Full fiscal autonomy for Scotland is sometimes advocated by nervous unionists as a magic answer to stop the feared implosion of the Union. It has more frequently been advanced by the SNP controlled Scottish Executive as an additional option should independence be declined (to use a gentle word). Full fiscal autonomy would leave all Scottish tax receipts in the hands of the Scottish Government which in turn would be wholly responsible for the funding of its public services. There is growing evidence that the Scottish electorate is anxious about the economic implications of independence, while full fiscal autonomy within the UK appears to be attracting considerable support.

The Reformed Union: Britain as a Federation

This is an introduction to the fourth chapter in the online serialisation (here) of the new book by the Deputy Presiding Officer in the National Assembly, David Melding AM. Entitled The Reformed Union: Britain as a Federation, the book is being serialised in eight chapters at regular intervals during 2012-13, continuing with Chapter 4 today:

  1. The present is not an ordinary time
  2. Parliament, sovereignty and federalism
  3. Political institutions in a British federation
  4. The political economy of a British federation
  5. Governing and legislating in a federation
  6. Civic institutions in a federation
  7. Unionism and nationalism
  8. The reformed union

Online serialisation of a book in this way is a first for ClickonWales and demonstrates the new directions that dissemination of serious thinking through the social media is taking.
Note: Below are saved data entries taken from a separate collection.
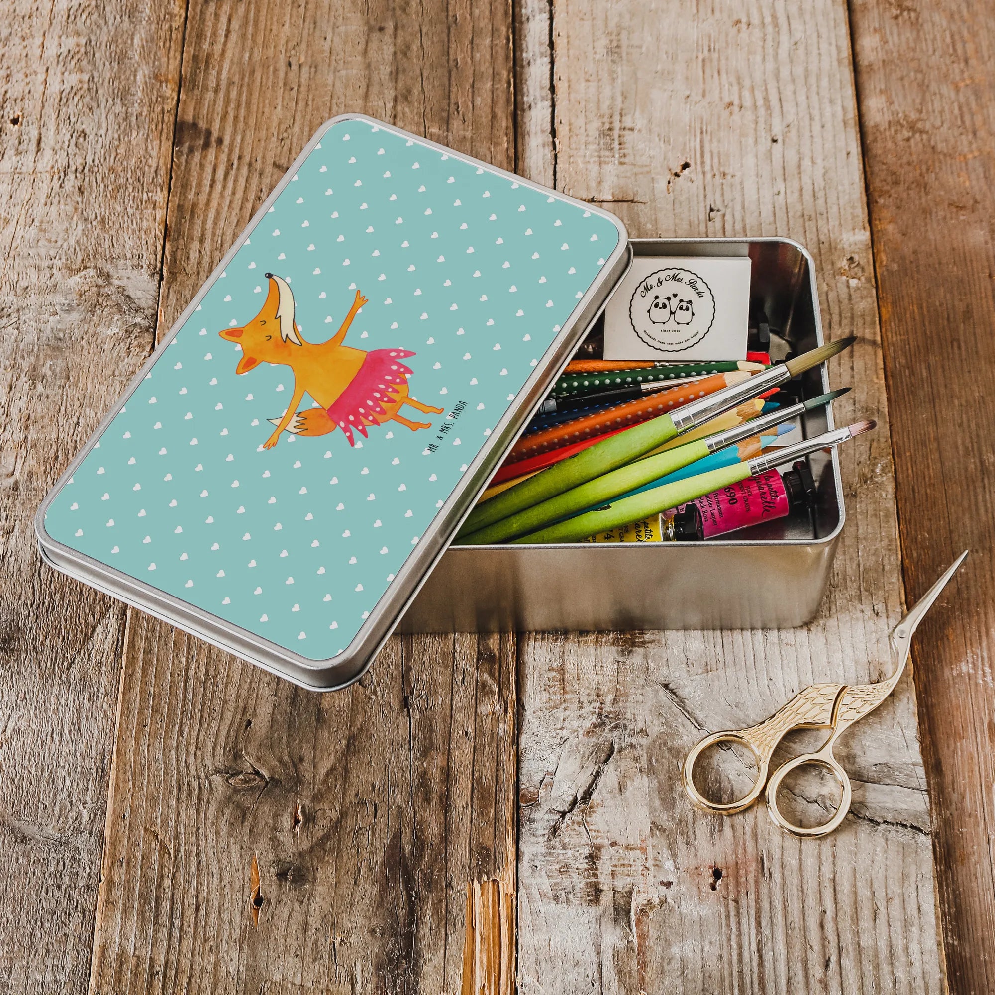 Die wunderschöne rechteckige Metalldose mit dem bezaubernden Motiv 'Fuchs Ballerina' ist ein echtes Must-Have für alle, die das Besondere lieben! Mit einem einzigartigen Design, das mit viel Liebe von Mr. & Mrs. Panda entworfen wurde, bringt diese Dose das Gefühl von Leichtigkeit in Deinen Alltag. Der fröhliche Fuchs, der elegant in einer Ballerina-Pose tanzt, zaubert nicht nur ein Lächeln auf Dein Gesicht, sondern eignet sich auch hervorragend als praktischer Begleiter im Alltag.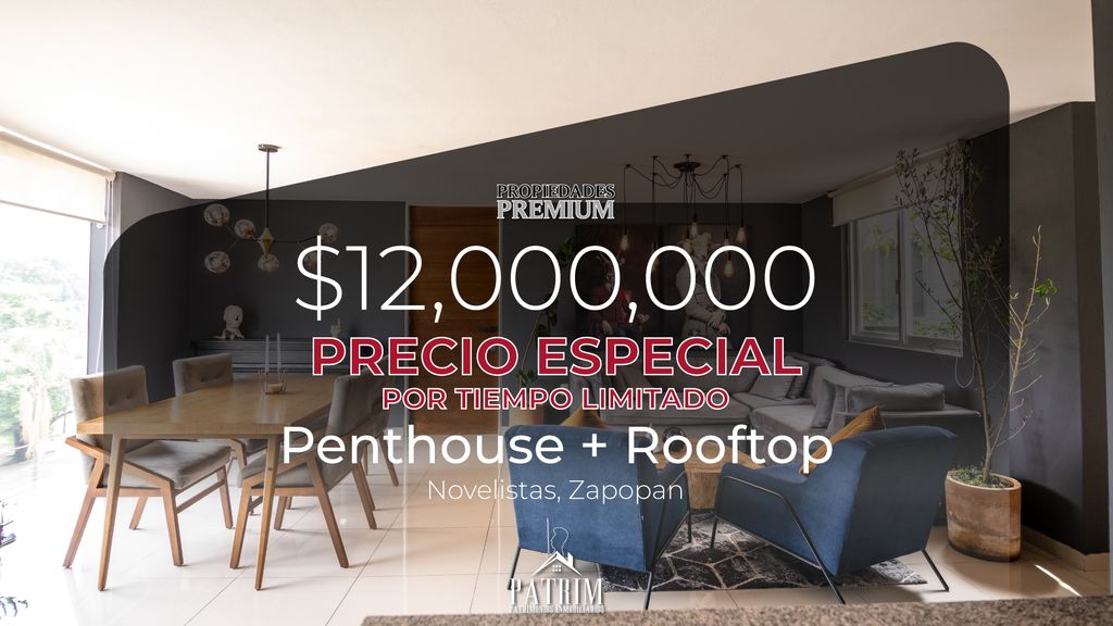 Este penthouse de gran formato con rooftop privado destaca por su amplia superficie total de 365 m², una distribución funcional y una ubicación estratégica dentro de una de las zonas residenciales mejor conectadas de Zapopan.Ubicado en Rinconada de los Novelistas, una zona residencial consolidada de Zapopan, el inmueble cuenta con cercanía inmediata a Plaza Galerías, Costco, Parque Metropolitano y universidades de alto nivel, lo que lo convierte en una opción sólida tanto para vivir como para inversión.
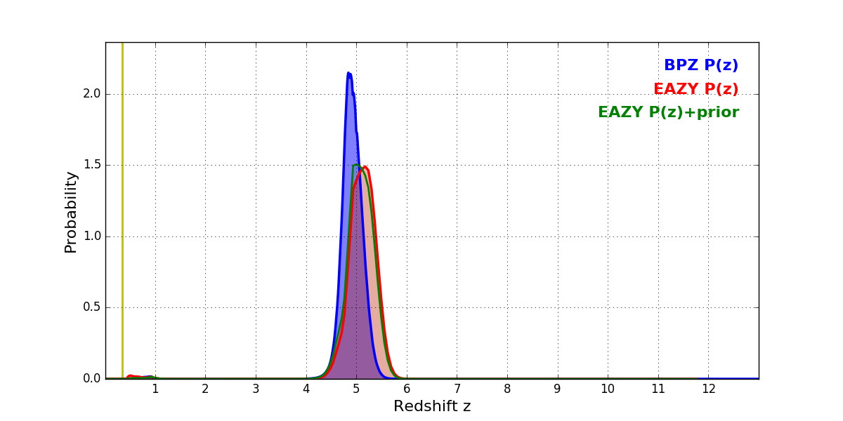 In P(z) plots: Yellow lines mark the cluster redshift z = 0.341,

Responses to this fourth chapter are welcome and can be posted in the normal way. Once all the chapters are published David Melding intends to rework the material in light of any criticism it receives. We will then re-publish the revised edition.

This online publication is a follow-up to David Melding’s earlier work Will Britain Survive Beyond 2020? published by the IWA in 2009, and available here.

Alex Salmond has also been keen to reassure the Scottish electorate that some form of economic union with Britain would continue after independence. This would be secured both directly via bilateral agreements with the British Government, and indirectly via Scotland’s membership of the EU. There is little doubt that the expectation of some economic union continuing within the British Isles is reasonable, but it tends also to weaken the romantic appeal of independence, particularly if sterling is retained as the Scottish currency.

But what would full fiscal autonomy do to the Union? If exercised by all nations of the UK, it would make a transfer union practically impossible. The British Government simply would not have the funds to transfer resources to the poorer nations and regions of the UK. There would be little equity in such a Union. Even if limited to Scotland only, full fiscal autonomy would make Scotland semi-independent within the UK and this would create a highly volatile Union – and it would be a less desirable alternative to an honourable declaration of independence.

As Paul Hallwood and Ronald MacDonald have argued in their 2004 pamphlet The Economic Case for Fiscal Federalism in Scotland, “If all the economic functions of government are devolved it is in essence a de facto sovereign or independent government”. And they further maintain that the “failure of the full fiscal autonomy model properly to address the equity issue is one important reason why we do not in practice observe the full fiscal autonomy model in any nation state”.

The dangers of full fiscal autonomy are aggravated further by the question of North Sea oil revenues. Ownership of off shore resources by substate governments within a federation is exceptionally rare. Some federal states do permit on shore natural resources to be owned by substate governments, but even this is a minority practice. Conceding ownership of North Sea oil to Scotland would dramatically undermine the concept of a British economic union which over time manages and dampens the economic shocks and structural changes that are likely to face the Home Nations. No doubt if North Sea oil ownership is conceded to the Scottish Executive in a desperate ploy to keep some form of Union going after 2014, it may buy only temporary respite. Nationalist rhetoric would soon shift to the demand for compensation to cover lost revenue in the past.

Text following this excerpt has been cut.